Effectiveness and Transition Matters

Dodd-Frank required initial Say on Pay and Frequency Votes be included in proxy statements for the first annual meeting occurring on or after January 21, 2011, regardless of whether the SEC adopted its proposed rules in time. Accordingly, although the new Say on Pay and Frequency vote rules are not effective until the 60th day after publication of the new rules in the Federal Register, the SEC has stated that, pending effectiveness, it will not object to forms of proxies that provide the four choices necessary for Frequency votes4 or to the failure to file a preliminary proxy statement containing a Say on Pay vote and Frequency vote if a preliminary proxy is not otherwise required.

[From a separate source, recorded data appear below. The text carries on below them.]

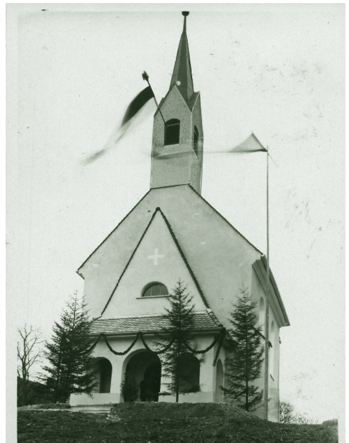
Kapelle Oberfallenberg nach der Renovierung um 1930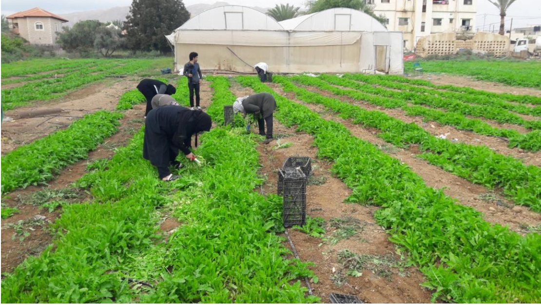
صورة: مشروع لانتاج الحويرنه في مدينة أريحا.

مجموعات التوفير والتسليف، وتوفير منح لمشاريع صغيرة لـ 80 مستفيدة. وكما عمل المشروع على تنظيم جلسات توزيع مدخرات مجموعات التوفير بقيمة 1,357,000 شيكل، تم توزيعه على 505 عضوة. وقام طاقم المشروع على توزيع أدوات السلامة العامة في ظل جائحة فيروس كورونا لـ 18 مجموعة من مجموعات التوفير والتسليف، واستفاد من هذا النشاط 500 عضوة.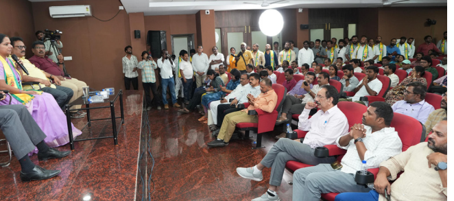
చేయాలన్న సంకల్పం వస్తుందన్నారు. ఇప్పుడున్న ప్రభుత్వానికి అది చేతకావటం లేదన్నారు. చెయ్యి రోజుల్లో ఈ ప్రభుత్వాన్ని గద్దె దించుతామని చెప్పారు. తాము అధికారంలోకి వచ్చాక తల్లి మాదిరి పాలన చేస్తామన్నారు.

స్థూపం వద్ద స్టాంబానికి కట్టిన కొట్లాటలని కల్లుకుంట్ల కవిత తెలిపారు. అన్ని విషయాలలో సాధ్యాసాధ్యాలను పరిశీలించిన తర్వాత చోమీలు ఇచ్చానని చెప్పారు. గత 20 ఏళ్లుగా తనను చూస్తున్నారని ఇచ్చిన మాట, పట్టిన తోపను విడవకుండా ఉన్నానని అన్నారు. తెలంగాణలో విద్య, వైద్యం కోసం ప్రజలు 60 శాతం డబ్బు ఖర్చు చేయాలిస్తే దుస్థితి ఉందని అవేదన వ్యక్తం చేశారు. ప్రభుత్వం చెప్పితేగానూ సంకల్పం తీసుకుంటే ఇది సాధ్యమేనని చెప్పారు. ఆలోచ్య శ్రీ ప్రారంభిస్తున్నది, విద్యార్థులకు ప్రీ మీర్స్ కు సరిగ్గా వారుకొని ఉండే రైతుల చెలిత్ చేశారు. పాఠశాలస్థాయిలోని ఐదు అంశాలు... అమలు చేయటంపై ఆర్థిక నిపుణులతో చర్చలు జరిపానని కవిత చెప్పారు. ప్రభుత్వానికి వచ్చే ఆదాయంలో లక్ష కోట్ల రూపాయలను తమ ప్రాధాన్యత అంశాలకు ఖర్చు చేయవచ్చన్నారు. ఆ విధంగా చూస్తే చేయాలన్న సంకల్పం ఉంటే చాలు ఇదంతా సాధ్యమేనని స్పష్టం చేశారు. తల్లిదండ్రులు తమ పరిశ్రమి చెందుతానంటే చాలా మంది విమర్శలు చేశారని కవిత గుర్తు చేశారు. ఇవ్యాక ప్రజలు తీవ్రంగా ఇబ్బందులు పడుతున్నారని చెప్పారు. కాంగ్రెస్ ప్రభుత్వం అమానుష యంగా వ్యవహరిస్తూ ప్రజలను ఇబ్బంది పెడుతుందని అవేదన వ్యక్తం చేశారు. ఒక తల్లి మాదిరిగా ఆలోచిస్తే మాత్రమే ప్రజలకు మేలు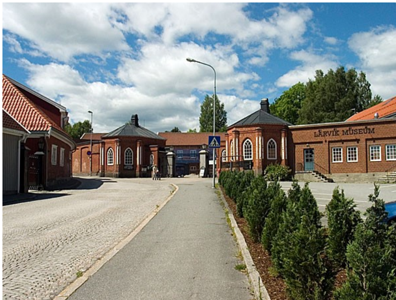
Verksporten med portbygninger i nygotikk ble oppført i 1856. Parkeringsplassen til høyre planlegges altså nedbygget.

Verdiskapingsprosjektet har finansiert avfotografering av arkivmaterialet om kirkebyggene på Langestrand. Materialet befinner seg lett tilgjengelig i offentlige arkiver, men skal ifølge prosjektmakerne kun gjøres tilgjengelig for prosjektet selv og Treschow. Men det følger kanskje ingen forpliktelser med den offentlige finansieringen?

Smaller reporting companies (generally those companies with a market float of less than $75 million) need not comply with the Say on Pay and Frequency vote rules until they file proxy materials in respect of an annual meeting occurring on or after January 21, 2013. As note above, TARP issuers are exempt from the Say on Pay and Frequency vote requirements until they have repaid outstanding indebtedness under TARP.

Compliance with the rules related to Deal Related Parachutes is required for affected documents first filed with the SEC on or after April 25, 2011.